N^G-nitro-L-arginine methyl ester (L-NAME, 10^-5 and 10^-4 mol/L) and N^G-nitro-L-arginine (L-NNA, 10^-4 mol/L), inhibitors of nitric oxide synthase,²² were suffused for 15 minutes before and during agonist application. Responses of the basilar artery to IRL 1620 were also examined after administration of indomethacin (10 mg/kg IV). We have shown previously that this dose of indomethacin completely inhibits dilatation of cerebral vessels in response to topical application of arachidonic acid in vivo.²³ Because there is tachyphylaxis to IRL 1620,^{9 11} effects of L-NAME, L-NNA, and indomethacin were tested in separate rats. Responses in the presence of specific inhibitors were compared with those under control conditions in a different group of rats (in the presence of vehicle without any inhibitors).

Statistical Analysis
All values are expressed as mean±SEM. An unpaired t test was used to compare absolute values under control conditions and during interventions. A Mann-Whitney U test was used to compare percentage changes. One-way ANOVA was used for multiple comparisons. A value of P<.05 was considered significant.

	Results

Top Abstract Introduction Methods Results Discussion References

 
Responses of the Basilar Artery to IRL 1620 in WKY and SHRSP
Arterial pressure was 103±3 and 216±3 mm Hg in WKY and SHRSP, respectively. Under control conditions, basilar artery diameter was smaller in SHRSP (196±8 µm) than in WKY (245±9 µm) (P<.05). Topical application of IRL 1620 increased basilar artery diameter in both rat strains (Fig 1). IRL 1620 (10^-8 mol/L) dilated the artery by 27±5% and 56±4% in WKY and SHRSP, respectively (P<.05).

View larger version (17K): [in this window] [in a new window]   Figure 1. Line graph shows responses of the basilar artery to activation of endothelin-B receptors by IRL 1620. Changes in basilar artery diameter were measured in Wistar-Kyoto rats (WKY, n=6) and stroke-prone spontaneously hypertensive rats (SHRSP, n=6). Values are mean±SEM. *P<.05 compared with responses in WKY.
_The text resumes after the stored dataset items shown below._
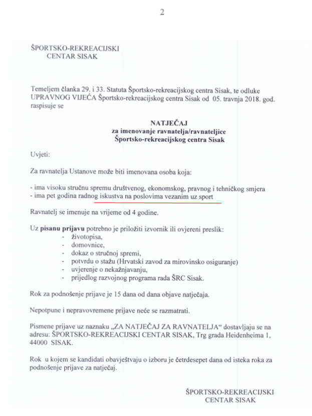 "Od članova Upravnog vijeća tražimo da se javno očituju da li je prlikom kreiranja uvjeta natječaja za izbor ravnatelja učinjeno nekoliko propusta, a odnose se na uvjete strogo propisane Statutom Šprotsko rekreacijskog centra. Prilikom utvrđivanja teksta natječaja dodano je da kandidati moraju imati radno iskustvo na poslovima vezanim uz sport, ali nije navedeno s kojim stupnjem obrazovanja. Gospodin Mario Stipkov iz Kaštela navodno je bio odbojkaški trener no s fakultetskim obrazovanjem nema radnog iskustva na poslovima vezanim uz sport", napisali su u svom reagiranju gradski zastupnici.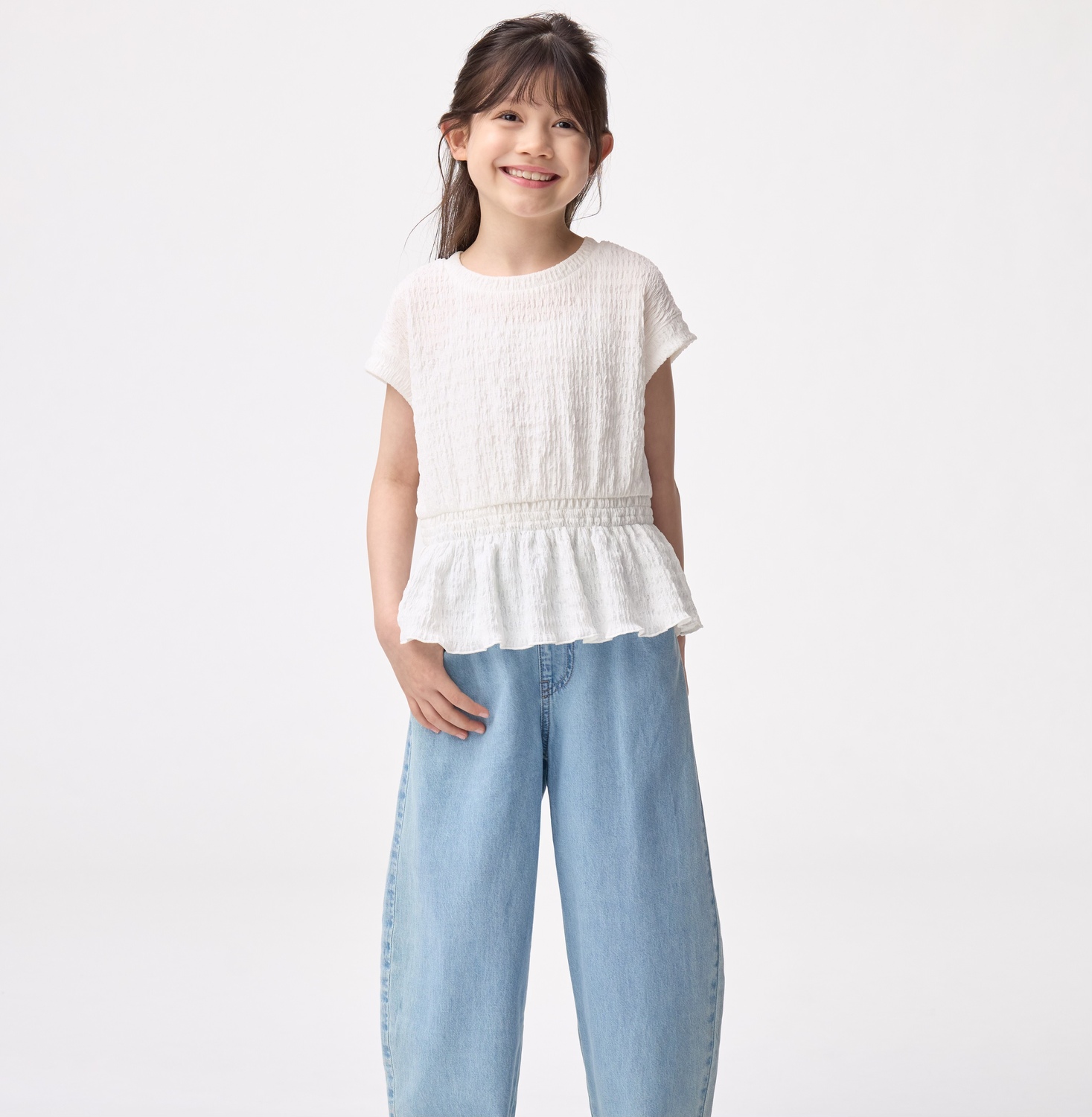 GIRLSライトデニムバレルレッグジーンズ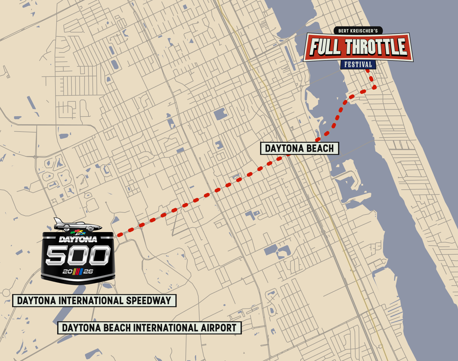 Full Throttle Festival will take place at the Ocean Center Convention Center, 101 N Atlantic Ave., Daytona Beach, FL 32118. Located just minutes from the famed Daytona International Speedway, this venue puts you in the heart of the action, making it the perfect pre-race party destination on Saturday night.

Effects of L-NAME on Responses to IRL 1620
In WKY, application of 10^-5 and 10^-4 mol/L L-NAME for 15 minutes produced a decrease in basilar artery diameter of 5±3% and 7±2%, respectively. In SHRSP, L-NAME at 10^-5 and 10^-4 mol/L decreased basilar artery diameter by 11±1% and 15±1%, respectively (P<.05 versus WKY). These results suggest that basal release of EDRF is not impaired and may be somewhat enhanced in the basilar artery of SHRSP compared with WKY.

L-NAME inhibited dilator responses of the basilar artery to IRL 1620 in WKY in a concentration-dependent manner (P<.05, Fig 2) without inhibiting vasodilatation produced by sodium nitroprusside (P>.05, data not shown). In contrast, L-NAME did not alter vasodilator responses to IRL 1620 in SHRSP (P>.05, Fig 3). Similar effects on IRL 1620–induced vasodilatation were observed with another inhibitor of nitric oxide synthase, L-NNA. L-NNA (10^-4 mol/L) almost abolished dilator responses of the basilar artery to IRL 1620 in WKY (n=3) (P<.05, data not shown). These findings suggest that dilator responses of the basilar artery to IRL 1620 are mediated by EDRF in WKY but not in SHRSP. Dilatation of the basilar artery in SHRSP in response to IRL 1620 was also not inhibited by glibenclamide (10^-6 mol/L, n=2), an inhibitor of ATP-sensitive potassium channels (data not shown).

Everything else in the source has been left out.